One of the most formidable challenges of scaling up quantum computers is that of control-signal delivery. Today’s small-scale quantum computers typically connect each qubit to one or more separate external signal sources. This approach is not scalable due to the input/output (I/O) limitations of the qubit chip, necessitating the integration of control electronics. However, it is no small feat to shrink control electronics into a small package that is compatible with qubit-chip fabrication and operational constraints without sacrificing performance. This so-called “wiring challenge” is likely to impact the development of more powerful quantum computers even in the near term. In this paper, we address the wiring challenge of trapped-ion quantum computers. We describe a control architecture called WISE (Wiring using Integrated Switching Electronics), which significantly reduces the I/O requirements of ion-trap quantum computing chips without compromising performance. Our method relies on judiciously integrating simple switching electronics into the ion-trap chip—in a way that is compatible with its fabrication and operation constraints—while the complex electronics remain external. To demonstrate its power, we describe how the WISE architecture can be used to operate a fully connected $1000$-qubit trapped-ion quantum computer using approximately $200$ signal sources at a speed of approximately $40–2600$ quantum gate layers per second.

Popular Summary

One of the biggest challenges facing the quantum industry is how to wire up the quantum chips as we look to meaningfully scale the size, power, and potential of quantum computers. Today, small-scale quantum computers can (just about) get away with connecting qubits to one or more individual control lines. However, as soon as we look to scale the qubit count, the number of lines to the chip (and thus the number of wires and electrical interconnects) needed to maintain pace quickly becomes unwieldy. It's widely accepted that the solution to the wiring problem is integrating control components into the chips. However, it hasn't been clear how to do this in a way that allows us to build these chips using existing fabrication technology, without taking up too much chip space, consuming too much power, needing too much bandwidth for device control, or impacting the efficiency of the QC as it scales.
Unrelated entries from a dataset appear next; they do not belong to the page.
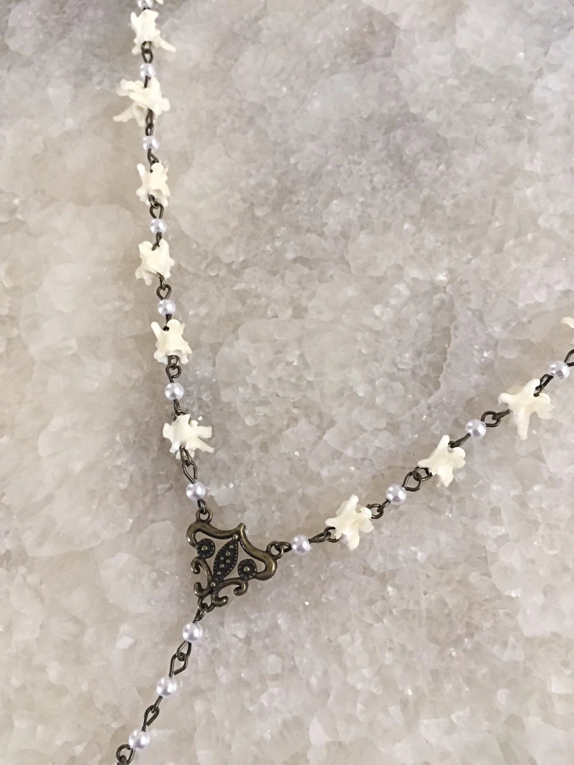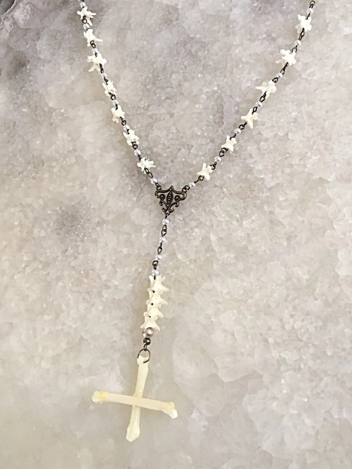 This Rosary style necklace is made of authentic rattlesnake vertebrae and small pearls linked together for chain with coyote tarsal bones created to form the cross
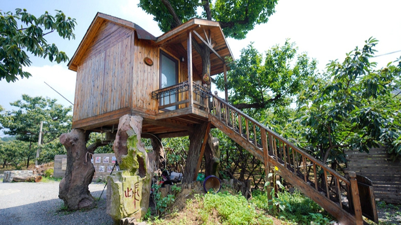 绿树环绕,栗香扑鼻。走进位于唐山市迁西县汉儿庄镇杨家峪村的河北迁西国家板栗公园•归巢部落,只见一座座树屋倚树而建,造型别致,颇具风情。沿着木梯拾级而上,只见屋内宽敞舒适。靠窗而坐,推窗见绿,远眺是山,顿感身心被大自然环绕的宁静惬意。这里,不仅是创始人贾春雷用心经营的一份事业,也是他居住了几十年、热爱了几十年的家。
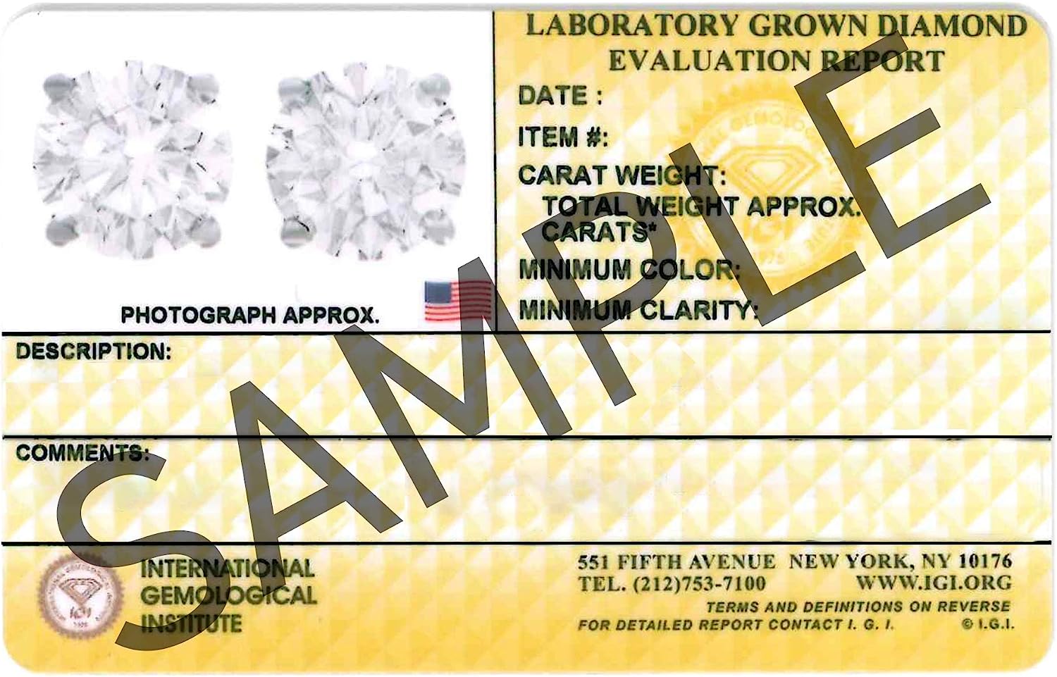 Earrings ship complete with official certificate from the International Gemological Institute (IGI). The world's largest independent laboratory for testing and grading gemstones and fine jewelry.

We present a solution that allows for wiring trapped-ion quantum computers in a way that's consistent with all of these constraints. Our method—dubbed WISE for Wiring using Integrated Switching Electronics—enables a 1000-qubit device to be run on just 200 control lines using chips and infrastructure that is available today.

Figure 1

An illustration of the standard approach to the electrical wiring of trapped-ion quantum computers. Qubit transport in an $N$-qubit ion trap is achieved by using approximately $10N$ electrodes. Each electrode is wired through an individual filter to an individual DAC. The DAC output waveforms are set through a digital interface, with typical data flow rates of approximately $50\mathrm{Mbit}/\mathrm{s}$ per DAC.

Figure 2

A high-level illustration of the WISE architecture. We form a quantum processing unit (QPU) by combining an ion trap with a switch-demultiplexing network. In this way, all the high-density input/output (I/O) is confined to the QPU and the interface between the QPU and the outside world requires significantly fewer connections. We divide ion-trap electrodes into dynamic ones (green, approximately ten dynamic electrodes per qubits) and quasistatic ones, i.e., “shims” (blue, approximately ten shim electrodes per qubit). The dynamic electrodes are controlled by approximately $100$ DACs, regardless of the system size, due to an integrated switch network. The number of shim DACs is reduced from one DAC per electrode in the standard approach to one DAC per approximately $100$ electrodes in our approach, due to an integrated demultiplexing network. The high-speed digital interface is only required between the controllers and the DACs, while digital communication between the QPU and the controllers requires only small signal bandwidth and can be done serially.

Figure 3

(a) Basic switchable swaps. Two qubits (red) are placed in neighboring linear zones (1,2), shown in green and orange, respectively. Each zone contains $N_{\mathrm{de}/\mathrm{lz}}\sim 10$ dynamic electrodes (the figure shows $N_{\mathrm{de}/\mathrm{lz}}=6$ for simplicity), as well as rf and shim electrodes (not shown). When switches $s_1$ and $s_2$ are set to $(s_1,s_2)=(1,1)$, the zones are “active” and the qubits undergo a swap. If, however, $(s_1,s_2)=(0,0)$, the zones are “inactive” (drawn as partially transparent) and the qubits remain in their original locations. (b) The 1D swap sequence. Two qubits (red) in neighboring linear zones are swapped by bringing them together (shuttling) and merging their potential wells, followed by a crystal rotation, well split, and a shuttle step. At each step, the potential experienced by each ion is the net potential of all neighboring dynamic, shim, and rf electrodes.

Figure 4

An odd swap in a linear 1D array of $N=8$ qubits with $N_{\mathrm{de}/\mathrm{lz}}=6$ dynamic electrodes per zone. In this example, the bit-select word is $s=(1,1,0,0,1,1,1,1)$. Thus, zones $1$, $2$, $5$, $6$, $7$, and $8$ are active (their qubits undergo swaps), while zones $3$ and $4$ remain inactive (their qubits remain stationary). In addition to dynamic electrodes (shown in green and orange for odd and even zones, respectively), rf electrodes are shown in white and shim electrodes in blue.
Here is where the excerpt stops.